The raw video was nearly three minutes long. As a result, “If the Blues Wuz a Woman” had been heard 244 million times. Within five days, Muse had performed the song on The Daily Show with Jon Stewart and Jimmy Kimmel Live!, and had been fawned over by the hosts of The View and Live with Kelly and Michael. He received offers from three music labels, all front-loaded with nonrefundable advances.
By the start of the next week, when the cover of Time featured the blood-spattered remains of his shattered Gretsch along with the words MUSIC STILL MATTERS, Muse’s new agent had lined up a full Japanese tour, and Muse was a wealthy young hero. He drummed up more good press by donating seventy-three guitars to inner-city community centers.
Why seventy-three? Because in the month following the noble annihilation of his Gretsch, people had sent him seventy-four guitars to replace the Gretsch—fourteen used, the rest new. He’d unpacked each one with reverence. After days of consideration, he selected one to keep, a 1978 maple-necked, mahogany-bodied, custom Alpine White Gibson Les Paul with just enough paint worn off to make it seem honest. It was only then that he perched upon a high kitchen stool, one of the few pieces of furniture in his brand-new Garden District home, and dared to strum the meat string lightly, just enough to tune. Within the next few minutes, he’d gotten the strings in sync. A promising sound but, like Uncle Phil said, “You never know what a lady’s got in her till she starts screaming at you.”
So early that Sunday, alone for the first time in weeks, in an empty, reverberating, sawdust-coated kitchen, Muse King made that old Gibson scream.
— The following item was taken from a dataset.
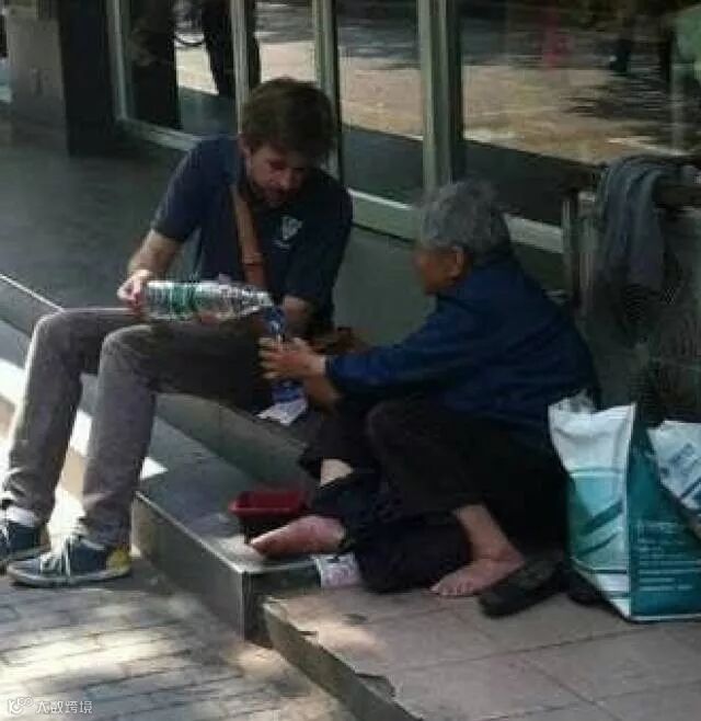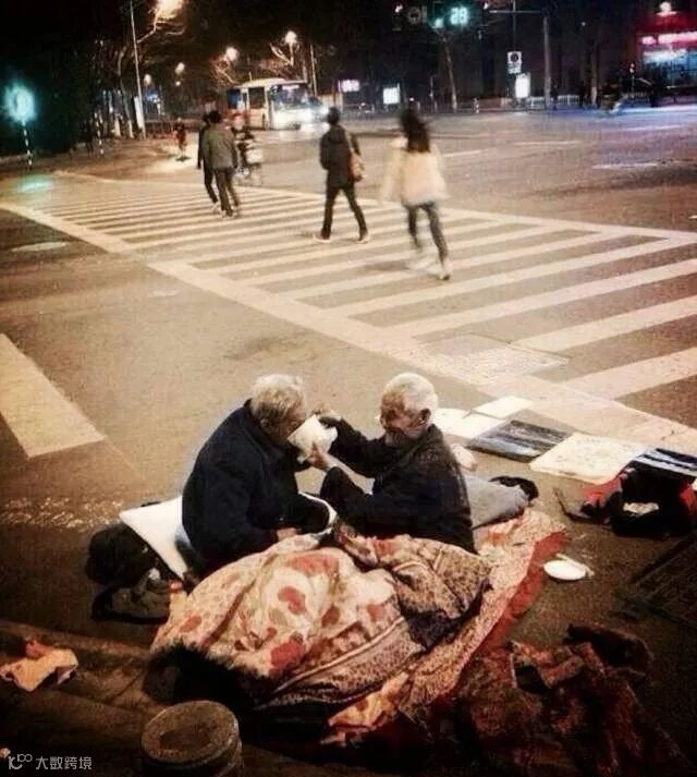 在街边乞讨的老爷爷,买了一碗面,不舍得吃,自己饿着,先让老奶奶吃饱。

After twenty minutes of tough love, the ax had proven itself so righteous Muse had let his falling tears darken the circle of sawdust at his feet. The coterie of handlers who’d mushroomed around him might or might not have his best interests in mind, but it didn’t really matter, He’d found himself a new best friend.
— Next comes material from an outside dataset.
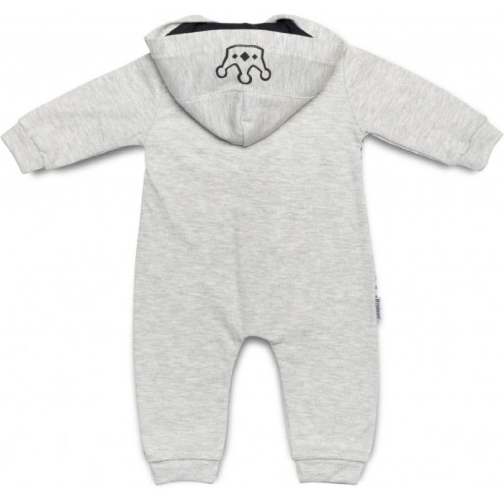 Симпатичний повсякденний світло-сірий комбінезон «KING» на блискавці з капюшоном, з якісного турецького трикотажу - незамінний одяг для вашого малюка.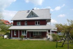 - Gebäude West: Massive Bauweise, hochgedämmte Fassaden + Dach, KFW 60 Standart, Öl-Brennwertheizung, Solare Unterstützung mit 12 m2 zur Brauchwassererwärmung und Heizungsunterstützung, teilweise Fussbodenheizung

Tucked inside the Gibson’s scuffed, red-velveted hard-shell case was a letter from the givers. Despite the train wreck of its spelling, it was written in a neat, steady hand.
SINS YOU LOVE B
LEUS MUSIC AND SINS WE SAW YOU ON TV STOP A MAN HOSE GETING REDDY TO SHOOT A GUN WE WANT YOU TO HAEV THIS GITTAR THAT BALONG TO OUR SON HEWITT WHO LOVE BLEUS MUSIC. HEWITT USED THAT GITTAR NINE YAERS. HE WAS ATEEN YAERS OLD. HE GOT SHOT AND DIED. WE AR PRAYING EVER TIME YOU PLAY IT MAKES HEWITT SMIL UP THERE IN HEAVEN WAER HE IS NOW.
—YUOR FRENDS WILL AND DARLENE LUCAS
Muse’s father bolted before Muse was born, and his mother did likewise around the time he’d started walking. None of the aunts, uncles, and grandmothers who’d let him grow up in their living rooms and basements had partners. Reading a note from a married couple, who signed their names as a unit, plucked a string deep inside him. So he wrote the first personal letter of his life, confirming to the Lucas family of Cranston, Rhode Island, he would not only play their son’s guitar but had already named it Hewitt. Ten days later came a reply.
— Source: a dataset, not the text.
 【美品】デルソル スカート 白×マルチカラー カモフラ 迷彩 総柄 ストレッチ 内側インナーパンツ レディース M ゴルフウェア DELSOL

WE AR GLAD YOU GOT THE GITTAR. WE AR HAPPY THAT YUOR GOIN TO USE IT.
—YUOR FRENDS WILL AND DARLENE LUCAS
Over the next five years, right up until the day the whole world shit the bed, Muse wrote dozens of letters to Will and Darlene Lucas and received dozens of replies, each one a respite from a life of increasing bullshit, Muse’s overnight fame had carved up his extended family like a pie, each slice insisting they enjoyed Muse’s favor. None had much cared about his welfare before. The Lucases, who wanted nothing but to see their son live on in Muse’s music, were the reliable ones, and Muse clung to them.
Muse knew plenty of undereducated folk, but the Lucases were a step beyond, illiterate to a degree he hadn’t believed existed except in backwoods stereotypes. Unlike cinema’s inbred banjo pickers, Will and Darlene were people of breathtaking tranquility, as if living apart from the world’s technological progress had somehow preserved them. Their lives, from what little they shared, had been brutal. Most of the Lucas family was in the cemetery, and a few years back, Will and Darlene had driven their self-rehabbed 1962 Plymouth from Mississippi to a shack they’d inherited on the distant planet of Rhode Island.